→ What you should do
Beginning with the line that contains "Healthcare is an", reproduce the remaining lines of the material exactly, up to and including the last one, but no pictures.

→ Raw data
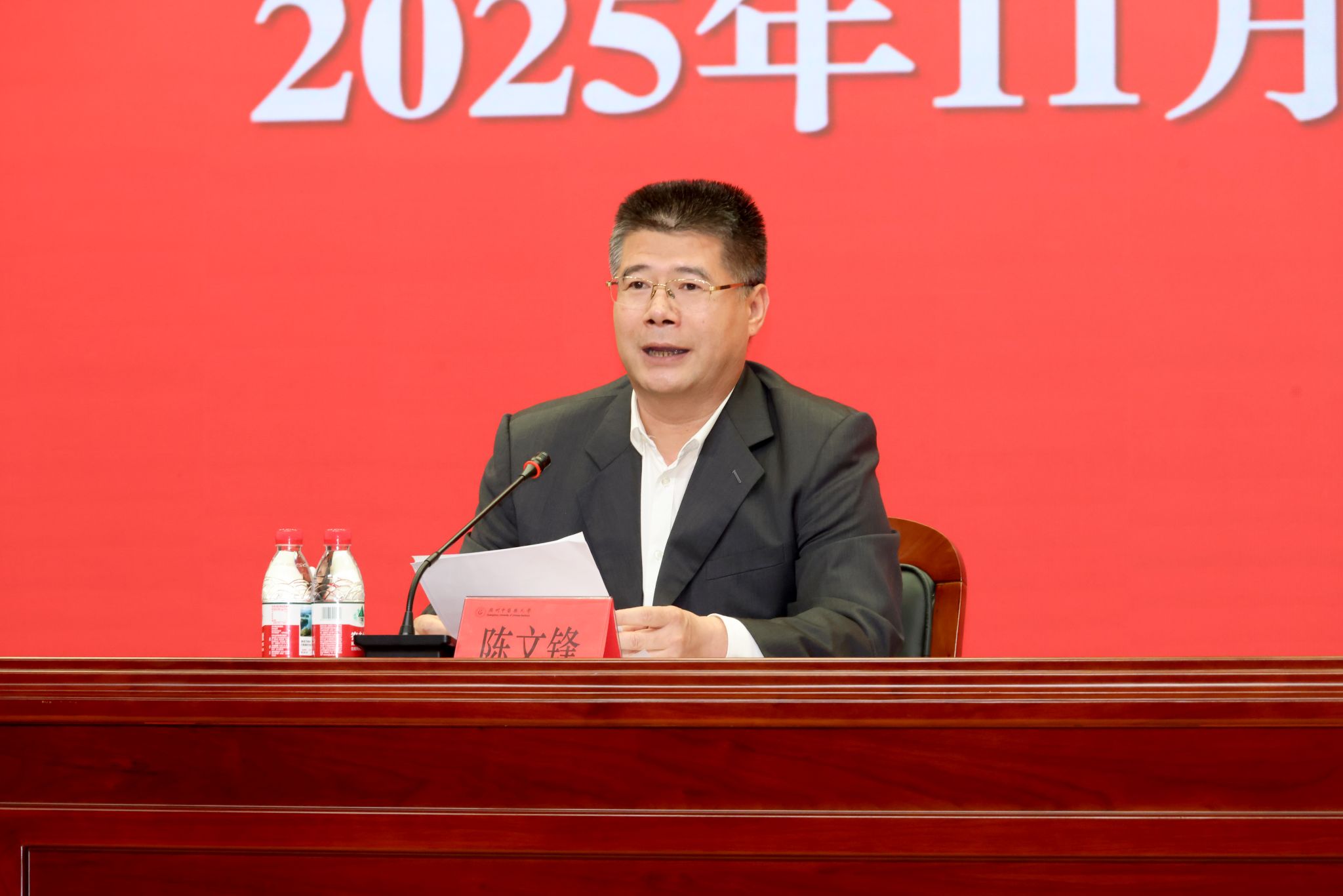 11月12日下午,党委理论学习中心组(扩大)学习会暨“先觉学堂”干部教育培训专题讲座第30讲在大学城校区国际会议厅召开。学校党委书记陈文锋主持会议并讲话。
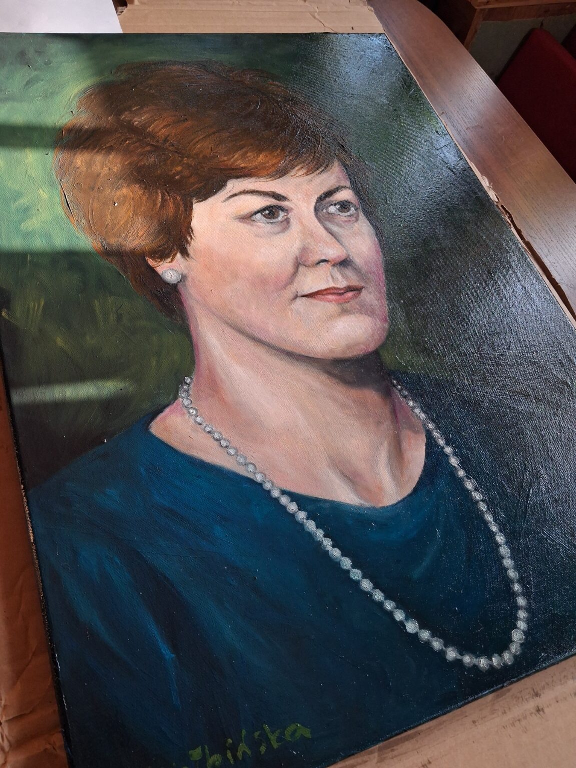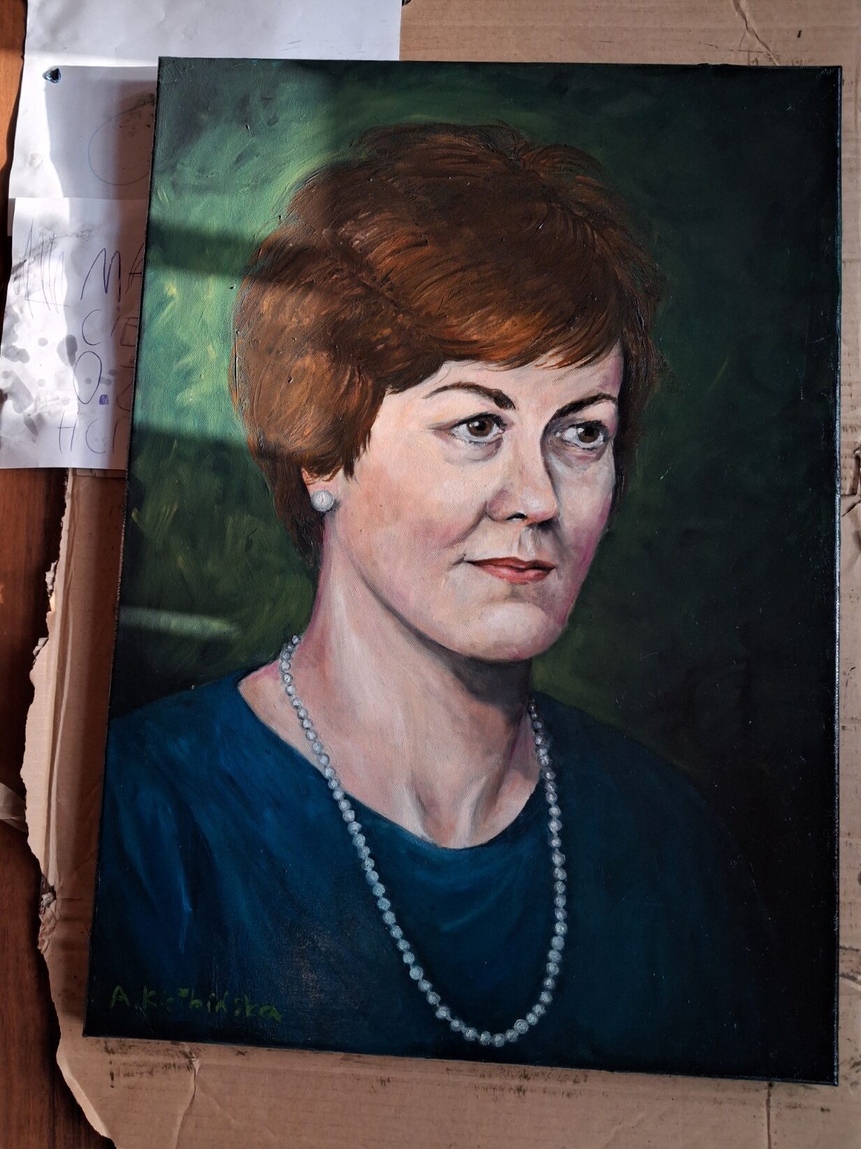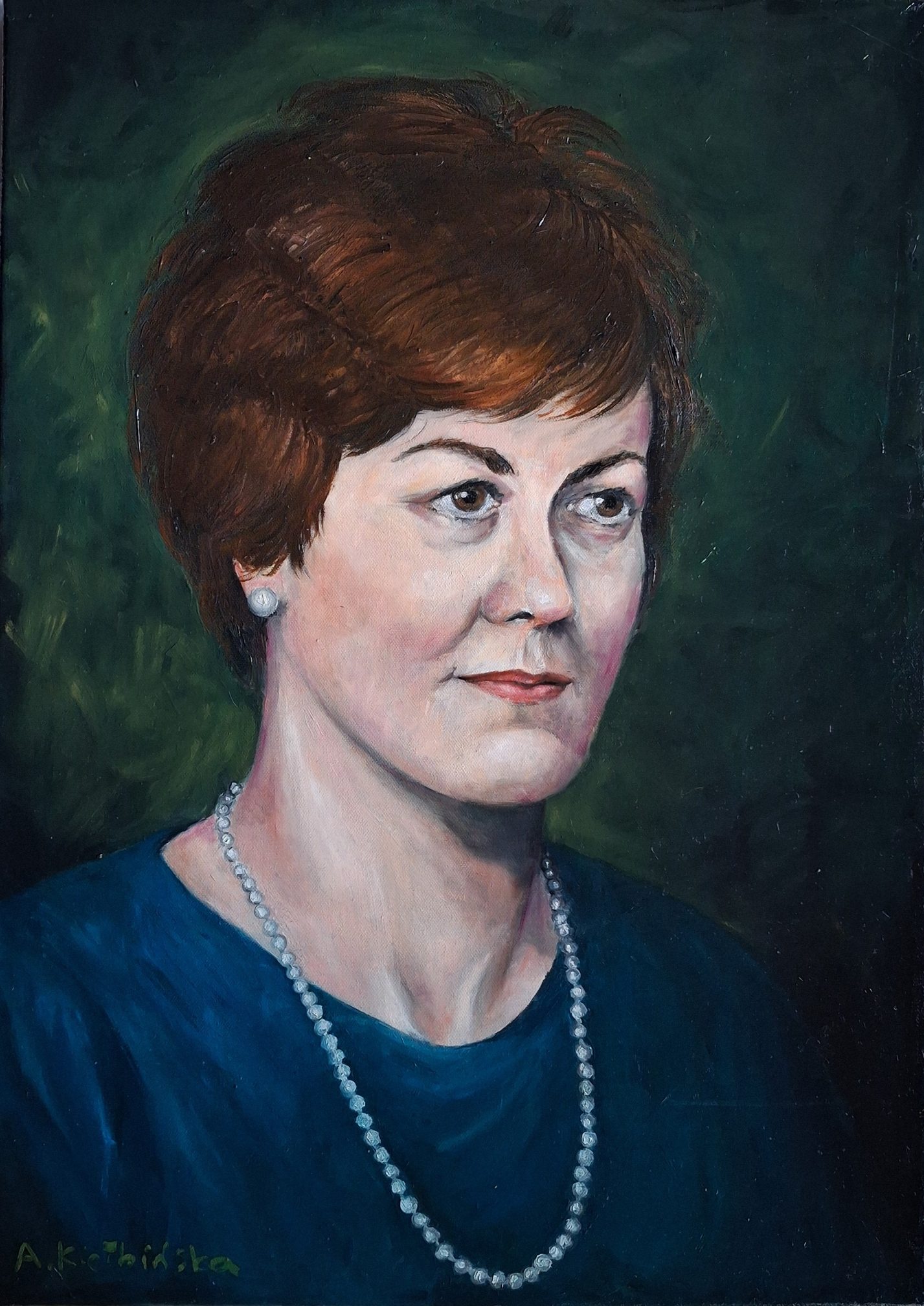 Musiałam bowiem namalować portret bazując na jedynych dwóch zdjęciach, jakie posiadali jej bliscy – jedno bardzo piękne, czarno białe, tyle że z młodości. Drugie znacznie późniejsze, kolorowe, lecz bardzo niewyraźne. Oba robione w czasach przedcyfrowych. Cóż było czynić? Musiałam zgadywać. Uciekłam się w tym celu do praktyk spirytystycznych. Ogólnie kiepskie ze mnie medium a i praktykę mam marną, bo mnie w dzieciństwie straszyli duchami. Nie mam tego stolika z literkami i w ogóle. Zresztą literki niewiele by pomogły bo przecież chodziło o obraz a nie opis.
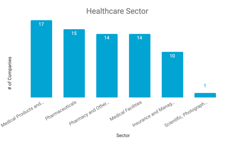 Healthcare is an industry that has many sectors, which were classified as “Pharmaceuticals,” “Pharmacy and Other Services,” “Medical Facilities,” “Medical Products and Equipment,” “Insurance and Managed Care,” and “Scientific, Photographic, and Control Equipment.” The most common sector is “Medical Products and Equipment,” with 17 out of 71 companies falling into that category.
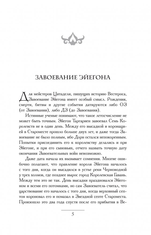 Тирион Ланнистер еще не стал заложником жестокого рока, Бран Старк еще не сделался калекой, а голова его отца Неда Старка еще не скатилась с эшафота. Ни один человек в Королевствах не смеет даже предположить, что Дейенерис Таргариен когда-нибудь назовут Матерью Драконов. Вестерос не привел к покорности соседние государства, и Железный Трон, который, согласно поговорке, ковался в крови и пламени, далеко еще не насытился. Древняя, как сам мир, история сходит со страниц ветхих манускриптов, и только мы, септоны, можем отделить правдивые события от жалких басен, и истину от клеветнических наветов. Присядьте же поближе к огню, добрые слушатели, и вы узнаете: – как Королевская Гавань стала столицей столиц, – как свершались славные подвиги, неподвластные воображению, – и как братья и сестры, отцы и матери теряли разум в кровавой борьбе за власть, – как драконье племя постепенно уступало место драконам в человеческом обличье, – а также и многие другие были и старины – смешные и невыразимо ужасные, бряцающие железом доспехов и играющие на песельных дудках, наполняющее наши сердца гордостью и печалью…

→ Solution
 Healthcare is an industry that has many sectors, which were classified as “Pharmaceuticals,” “Pharmacy and Other Services,” “Medical Facilities,” “Medical Products and Equipment,” “Insurance and Managed Care,” and “Scientific, Photographic, and Control Equipment.” The most common sector is “Medical Products and Equipment,” with 17 out of 71 companies falling into that category.
 Тирион Ланнистер еще не стал заложником жестокого рока, Бран Старк еще не сделался калекой, а голова его отца Неда Старка еще не скатилась с эшафота. Ни один человек в Королевствах не смеет даже предположить, что Дейенерис Таргариен когда-нибудь назовут Матерью Драконов. Вестерос не привел к покорности соседние государства, и Железный Трон, который, согласно поговорке, ковался в крови и пламени, далеко еще не насытился. Древняя, как сам мир, история сходит со страниц ветхих манускриптов, и только мы, септоны, можем отделить правдивые события от жалких басен, и истину от клеветнических наветов. Присядьте же поближе к огню, добрые слушатели, и вы узнаете: – как Королевская Гавань стала столицей столиц, – как свершались славные подвиги, неподвластные воображению, – и как братья и сестры, отцы и матери теряли разум в кровавой борьбе за власть, – как драконье племя постепенно уступало место драконам в человеческом обличье, – а также и многие другие были и старины – смешные и невыразимо ужасные, бряцающие железом доспехов и играющие на песельных дудках, наполняющее наши сердца гордостью и печалью…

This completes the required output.